Source:
https://scmp.com/magazines/post-magazine/short-reads/article/2166015/pre-modern-china-typhoons-inspired-tales-love
Post Magazine/ Short Reads

In pre-modern China, typhoons inspired tales of love, now viral video clips spread shock and fear

Powerful winds are nothing new, but the way that we respond to them has changed

Powerful winds are nothing new, but the way that we respond to them has changed

Growing up in Singapore, an island ensconced in a region of relatively calm waters, the strongest winds I had experienced before moving to Hong Kong in 1999 were those accompanying the occasional violent rainstorm. Imagine my shock when, a few days after relocating, I witnessed, wide-eyed from my window in the New Territories, the raw and destructive power of Typhoon York. The typhoon signal No 10 was in force for 11 hours that day, making it the longest on record.
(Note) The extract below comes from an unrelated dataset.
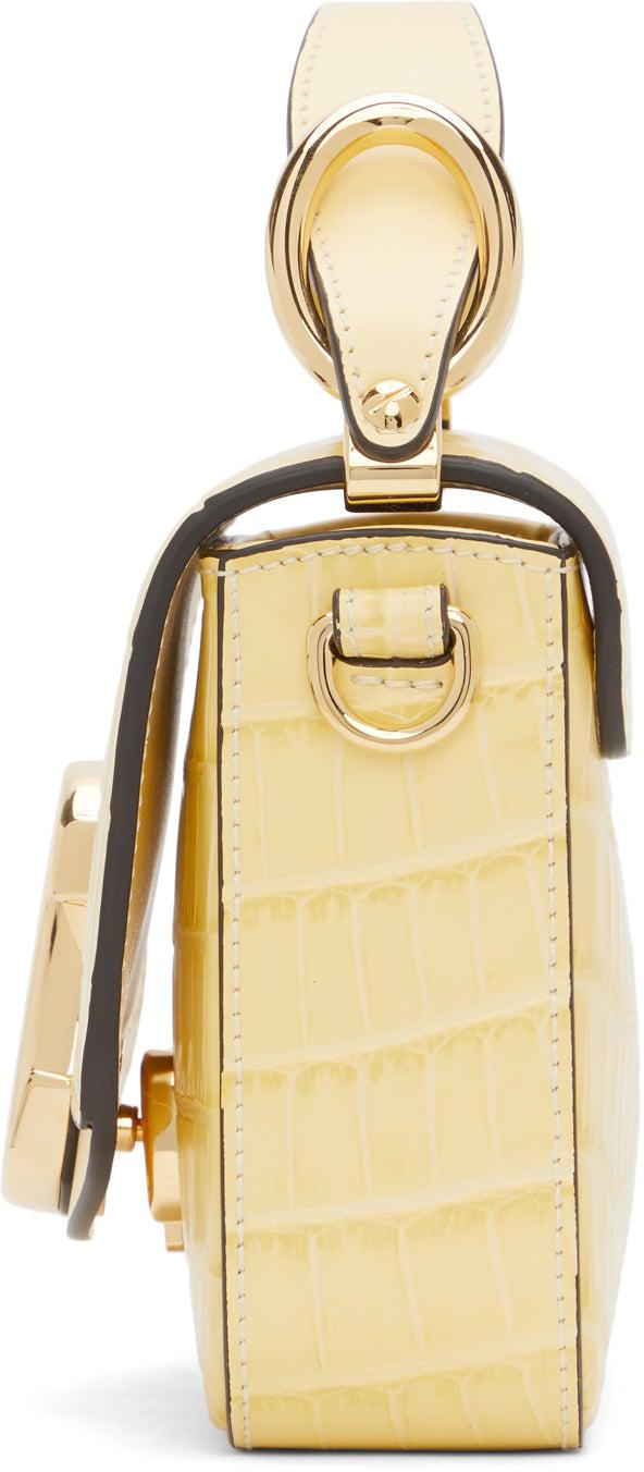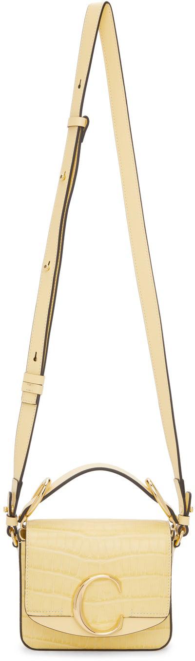 Croc-embossed calfskin shoulder bag in yellow. Burnished edges in black throughout. Logo-embossed carry handle at top. Adjustable and detachable shoulder strap with post-stud fastening. Logo hardware at face. Foldover flap with press-release fastening. Embossed logo and card slot at interior. Cotton twill lining in beige. Gold-tone hardware. Approx. 6.5 length x 5 height x 2 width. Supplier color: Softy yellow Calfskin. Brand: Chloé

Nineteen years to the day since York, the signal No 10 was raised again, for 10 hours. Although I was in Shenzhen this time, the city’s geographical contiguity with Hong Kong meant that Typhoon Mangkhut hit us the same time as it did the SAR.

Mangkhut felt even more terrifyingthan the first typhoon I experienced almost two decades ago, but I am convinced that faster internet and mobile connections and the ubiquity of social media in 2018 were factors in disseminating fears.

The real-time posting of videos and photographs of Mangkhut’s devastation spooked me even as I tried to distract myself with a film on the 18th floor of a building that was swaying ever so slightly. I didn’t want to look at them, but of course I did, and the more I scrolled, the more anxious I got.

There are many records of typhoons battering the extensive eastern and southern coasts of pre-modern China, especially in the late imperial period, by which time the seaboard was heavily populated. Apart from descriptions of death and mayhem, these accounts also contain interesting stories related to the forces of nature.

One of the words used to describe typhoons in these texts is shiyoufeng, literally “the Shi and You winds”, the origins of which lie in a beautiful story.

Once upon a time, there lived Madam Shi and Mr You, a married couple who were very much in love. One day, You left home on a long business trip. Shi tried to persuade him not to go but she could not stop him. Days turned into weeks, weeks into months and months into years, but You did not return.

Forlorn with sorrow and longing, Shi fell gravely ill. Before she died, Shi said: “If I had stopped him from going, things would have turned out differently.” And then she made a solemn promise: “When I die, I shall turn into a powerful wind for the sake of all the women in the world, to stop their men from taking long trips.” And so, strong winds that obstructed commercial activities became known as shiyoufeng, after the loving couple.

Another story involving wind centres on a strange incident in the early years of the Ming dynasty (1368–1644). In Licheng (present-day Jinan, in Shandong province), there lived a widower surnamed Wang. One day, there was a great wind and the sky turned dark. When the wind died down, Wang found a nubile girl among the debris. She said she was from a foreign country and was swept up by the wind as she was travelling in her carriage. The widower Wang took her as his wife and the Wang family prospered for 100 years.

In contrast, the stories that emerged after Mangkhut’s onslaught have been more prosaic, given that the infrastructure of Hong Kong and much of southern China remained largely intact and typhoon-related injuries and death were minimal in the region. They were tales of ordinary people getting on with everyday life, which are the best kind of stories.